Essie se removió en el sofá.
—Le hemos sido leales hasta donde hemos podido. El pastor piensa que hemos hecho más que suficiente. No sabemos con qué lucha John en las profundidades de su alma, pero la tolerancia de los demás tiene un límite.
Hablaba con un timbre tan particular que me pregunté por sus ingredientes: rabia, humillación tal vez, el martirio de los mansos de corazón que sufren por culpa de los descarriados.
—John ha tenido que ser una dura prueba para usted —dije.
Essie apretó la boca y entrelazó las manos en el regazo.
—Ya lo dice la Biblia. «Ama a tus enemigos, bendice al que te maldice, haz el bien a los que te odian y reza por los que te tratan con violencia y con desprecio».
Lo dijo en tono acusador. Empezó a removerse con nerviosismo.
Vaya, vaya, me dije, parece que el termómetro de la señora se ha disparado.
Crujió la mecedora de mimbre y Eugene llamó mi atención con un ligero carraspeo.
—Dijo usted que lo vio el sábado. ¿Puedo preguntarle en qué circunstancias?

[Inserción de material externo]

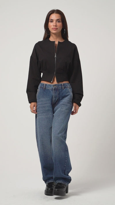 Kadın Siyah Renk w5-1 Bol Kesim Örme Esnek Kumaş Oversize Fermuarlı Sweatshirt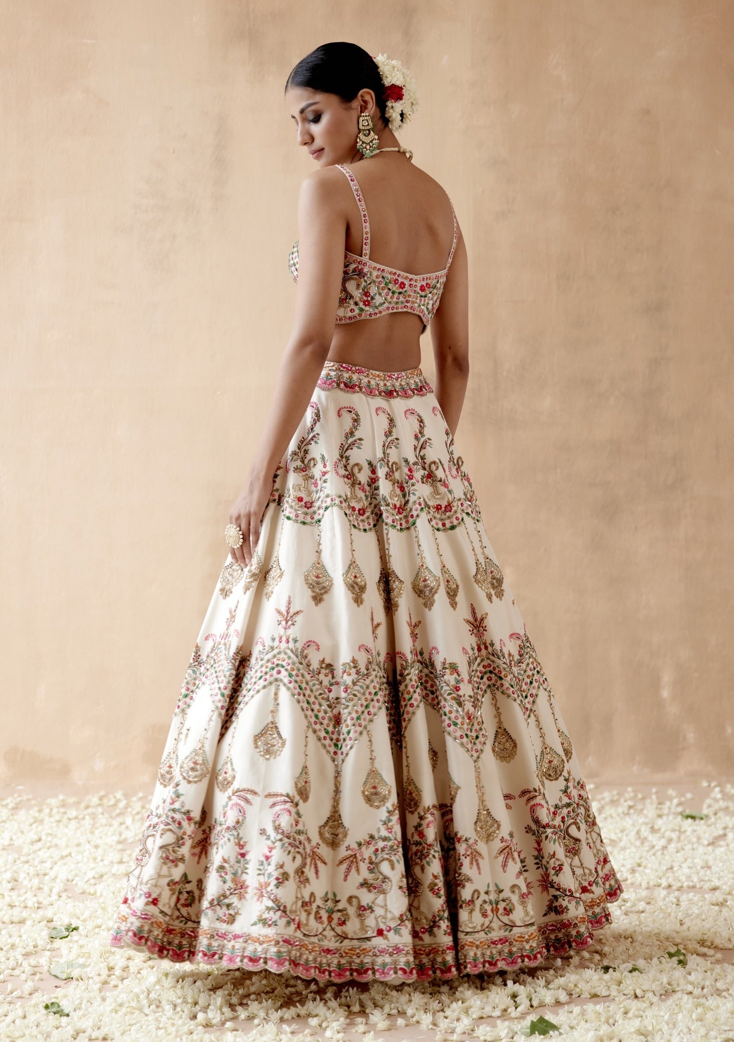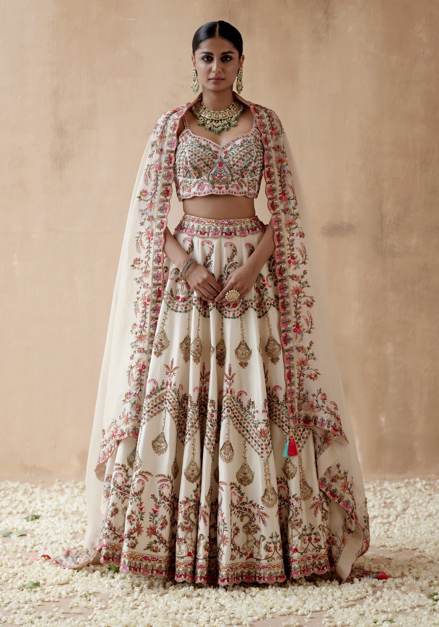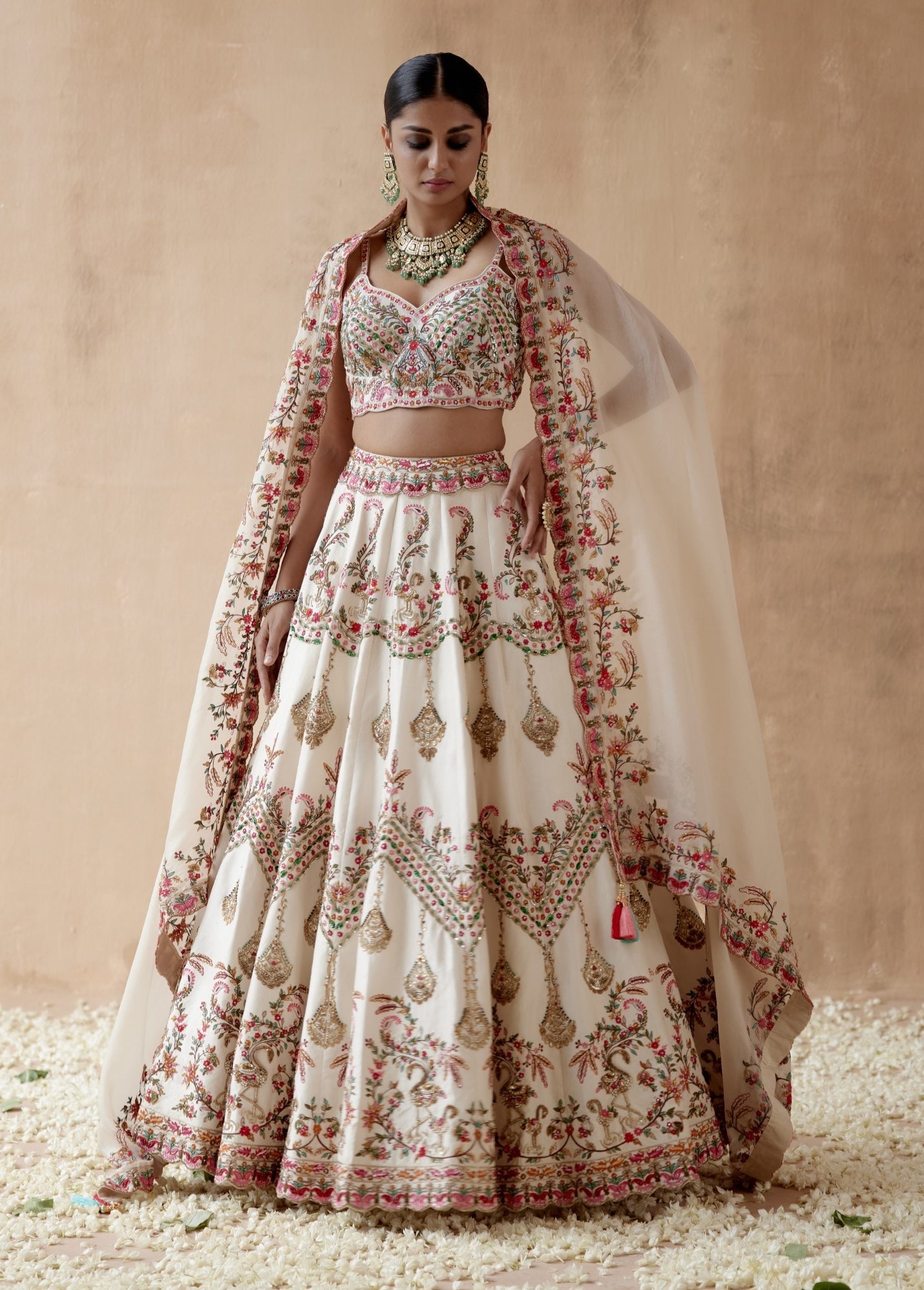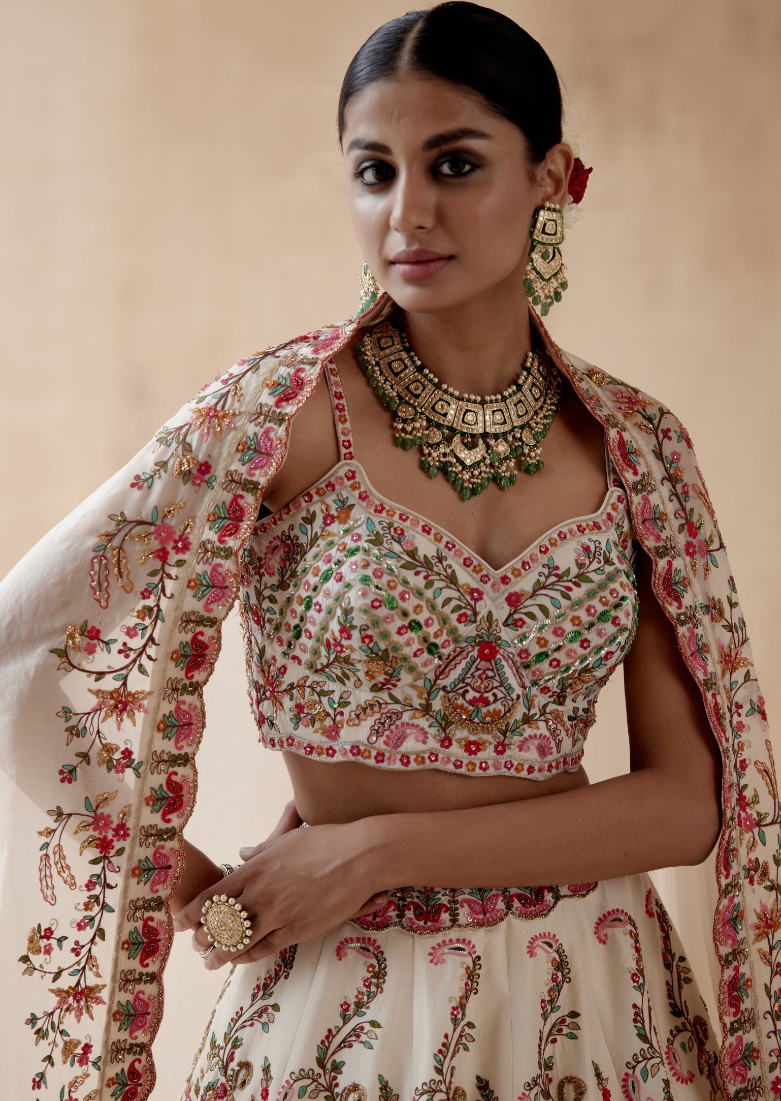 Experience timeless elegance with our exquisite ivory dupion silk lehenga set, adorned with delicate floral thread embroidery and highlighted by a range of sophisticated embellishments. This refined ensemble is paired with a meticulously embroidered blouse and a matching dupatta, creating a seamless and graceful look. Ideal for weddings, formal events, and special occasions, this lehenga set combines classic charm with luxurious texture, offering a truly elegant and unforgettable appearance.

Me di cuenta entonces de que habría tenido que perfeccionar el embuste que le había contado porque advertí que no sabía qué responder; la perorata de Essie Daggett me había deprimido tanto que me había dejado la cabeza vacía.
—¿Ha recibido usted la salvación? —preguntó Essie, inclinándose hacia mí.
—Perdón, ¿qué ha dicho? —dije, entornando los ojos.
—¿Ha aceptado a Jesús en su corazón? ¿Ha renunciado al pecado? ¿Se ha arrepentido? ¿Se ha lavado con la Sangre del Cordero?
Me saltó a la cara una gota de saliva, pero no me atreví a limpiármela.
—Pues últimamente no —dije.
¿Por qué atraeré a mujeres así?
—Por favor, Essie, no ha venido para sondear el estado de su alma —dijo Eugene, que echó un vistazo a su reloj—. Cáspita, creo que es la hora de tu medicina.
Aproveché la ocasión para levantarme.
—No quiero robarles más tiempo —dije con toda normalidad—. Les agradezco la ayuda que me han prestado, ya les llamaré si necesito más información.
Saqué una tarjeta del bolso y la dejé encima de la mesa.
El mercurio de Essie había acabado por salir a chorro por el extremo superior del termómetro.
—«Te lapidarán y te descuartizarán con sus espadas; y prenderán fuego a tus casas, y ejecutarán en ti la sentencia en presencia de muchas mujeres; así dejarás de prostituirte y no volverás a dar salario de ramera[1]».
—Sí, estupendo, muchas gracias —dije mientras me dirigía a la puerta.
Eugene, demasiado absorto para preocuparse por mi partida, palmeaba las manos de Essie.
Cerré la puerta y me dirigí al coche casi corriendo. Empezaba a anochecer y no me gustaba aquel barrio.